The Gist: We've addressed options for transportation of
your favorite audio and video files from time to time,
but the NOAX CSV HDD PLAYER has what is probably
the most robust feature set thus far... at least
for hard drive cases.

The NOAX CSV HDD PLAYER, hereafter simply "NOAX," is
available in two versions: an empty version so you
can add your own hard drive later, and a version that
includes a 20GB hard drive. The empty version will
accept hard drives as large as 80GB, but you'll need
to format them first.
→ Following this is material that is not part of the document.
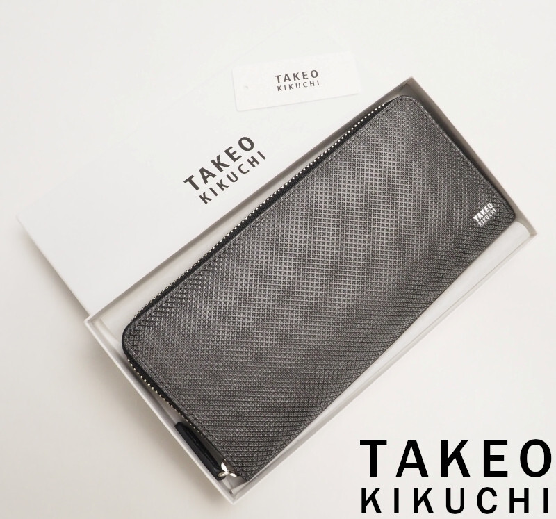- 新品正規1.9万円 TAKEO KIKUCHI タケオキクチ バース 牛革 レザー ラウンドファスナー 長財布 グレー(GRY) 706626

The NOAX connects via
USB 2.0, so transfers between PC and hard drive
should be speedy.

The glory of the NOAX lays in its audio/video playback
capabilities; it is equipped with an AV output port,
and even a digital audio output. Supported playback
formats include DivX, MPEG-1/2, JPEG, multi-channel VOB,
and the ever-popular MP3. My favorite function of the
NOAX, however, isn't a certain format it can play --
it's the USB On-The-Go functionality. This means you
can connect the hard drive directly to a digital camera,
USB memory device, MP3 player, or even Sony's new PSP,
and copy the contents of the connected medium to it.
This sort of functionality will likely be in higher
and higher demand in the years to come, as consumers
look to integrate their numerous devices. As an added
bonus, the NOAX also supports Japanese file names.